New research within the property market has revealed shocking data on how widespread gazumping has become and highlighted how much vendors and buyers hate the carnage it can cause.
Bridging finance firm MFS interviewed 750 people who have bought a property over the past decade. The company discovered that a third of those it surveyed had lost a property due to gazumping, although that figure increased to nearly half in London.
Also, overall 40% said they had paid non-refundable professional fees prior to exchange but had then been gazumped. Consequently, MFS says 80% of those canvassed said they’d like to see laws passed in England and Wales outlawing gazumping.
Their wishes may be granted. In October the government announced that it is to pilot reservation agreements during a three-month trial starting in the New Year.

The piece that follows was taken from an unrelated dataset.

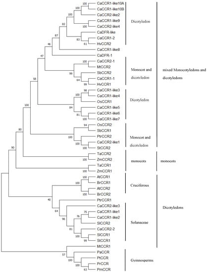 Phylogenetic tree analysis of CCR and CCR-like gene family protein sequences from Capsicum annuum L. and other species. A. thaliana CCRs (AtCCR1, AAG46037; AtCCR2, AAG53687); Hordeum vulgare (HvCCR1, XP_044948571.1; HvCCR2, KAE8782947.1); Zea mays (ZmCCR1, NP_001105488.1; ZmCCR2, NP_001105715); Solanum tuberosum (StCCR1, XP_006356249.1; StCCR2, XP_006342181.1); Sorghum bicolor (SbCCR1, XP_021306123.1; SbCCR2, XP_021312001.1); T. aestivum CCRs (TaCCR1, ABE01883; TaCCR2, AY771357); Oryza sativa (OsCCR1, XP_015621618.1; OsCCR2, XP_025883369.1); Populus trichocarpa (PtrCCR1, XP_006368516.2; PtrCCR2, XP_002300619.2); Pinus massoniana (PmCCR, ACE76870.3); Pinus taeda (PtCCR, AAL47684. 1); Pinus radiata (PrCCR, AFC38436.1); Picea abies (PaCCR, CAK18610.1).

These would require buyers and sellers to put down a significant cash deposit of up to £1,000 after an offer is accepted, something that is likely to eradicate both gazumping and gazundering overnight.
“As demonstrated from our research, not only is gazumping a cause for frustration and disappointment, it can also incur significant costs to the prospective buyer,” says Paresh Raja, CEO of MFS (left).
“Avoiding complicated chains and having immediate access to finance can reduce the chances of a prospective buyer missing out on a purchase, but it is clear from the findings that further measures are needed to prevent it in England and Wales.
“This is something homebuyers are calling for, and it is now up to the next elected government to look at measures to stamp out gazumping as a top priority.”